BEGIN RECORDS
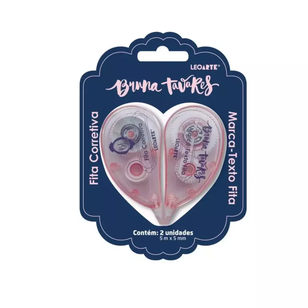 FITA CORRETIVA + MARCA TEXTO EM FITA ROSA - BRUNA TAVARES Transforme suas anotações com a praticidade e estilo da fita corretiva que também funciona como marca texto! Desenvolvida pela Bruna Tavares, essa fita em tom rosa é a escolha perfeita para quem busca eficiência e um toque de charme no dia a dia.
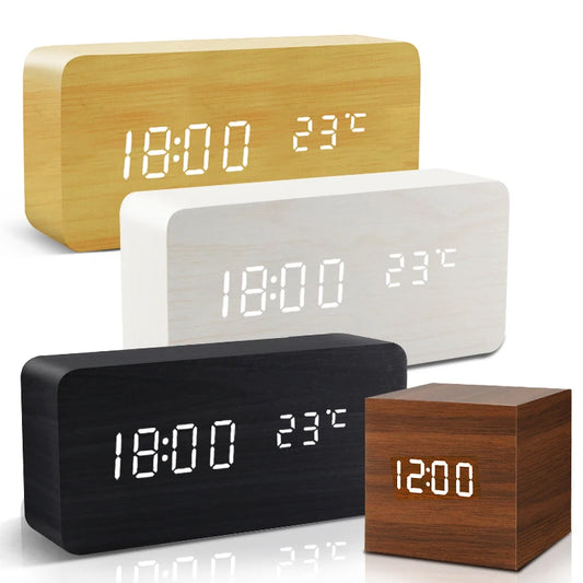 Wooden Digital Clock Multi-function LED Alarm Clock with Time/ Date/ Temperature Display and Voice Control for Home Office Trave
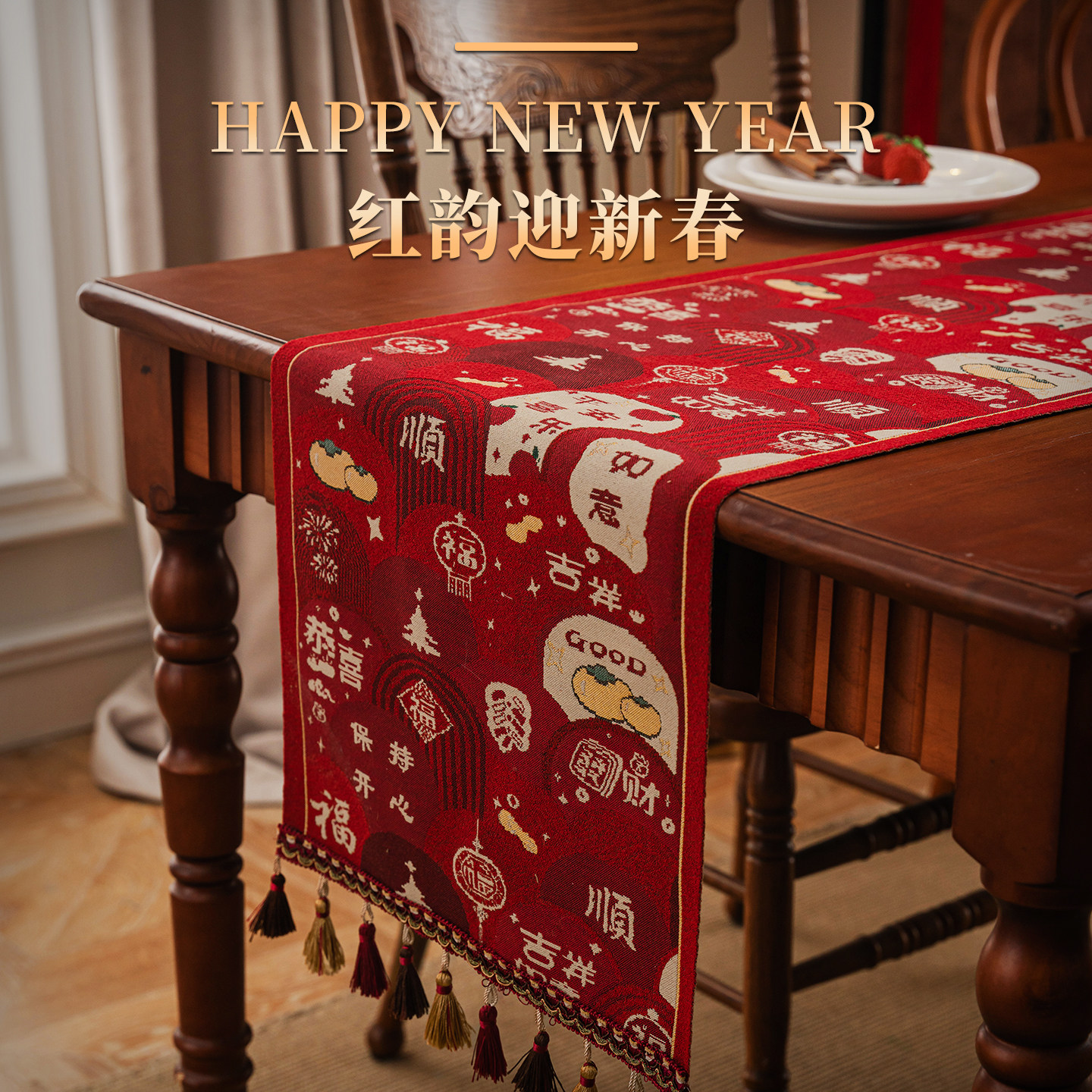 新年春节圣诞装饰桌旗场景节日布置氛围感中式高级感茶几新春桌布
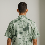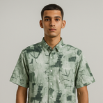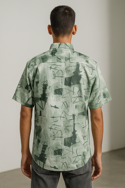 A casual short-sleeve shirt in a light green tone, decorated with abstract brushstroke patterns and subtle sketch-like motifs. Designed with a button-down front and a relaxed fit, this shirt is perfect for everyday wear with a modern artistic vibe.
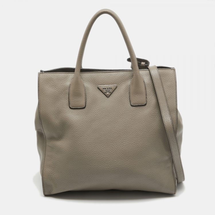 Pre Owned Prada Beige Vitello Daino Leather Shopper Tote
END RECORDS
AIM OF THE EXERCISE —
Copy exactly the lines that run from the one containing "A casual short-sleeve" to the last line of the records, both included, and leave out every picture.

SOLUTION BELOW —
 A casual short-sleeve shirt in a light green tone, decorated with abstract brushstroke patterns and subtle sketch-like motifs. Designed with a button-down front and a relaxed fit, this shirt is perfect for everyday wear with a modern artistic vibe.
 Pre Owned Prada Beige Vitello Daino Leather Shopper Tote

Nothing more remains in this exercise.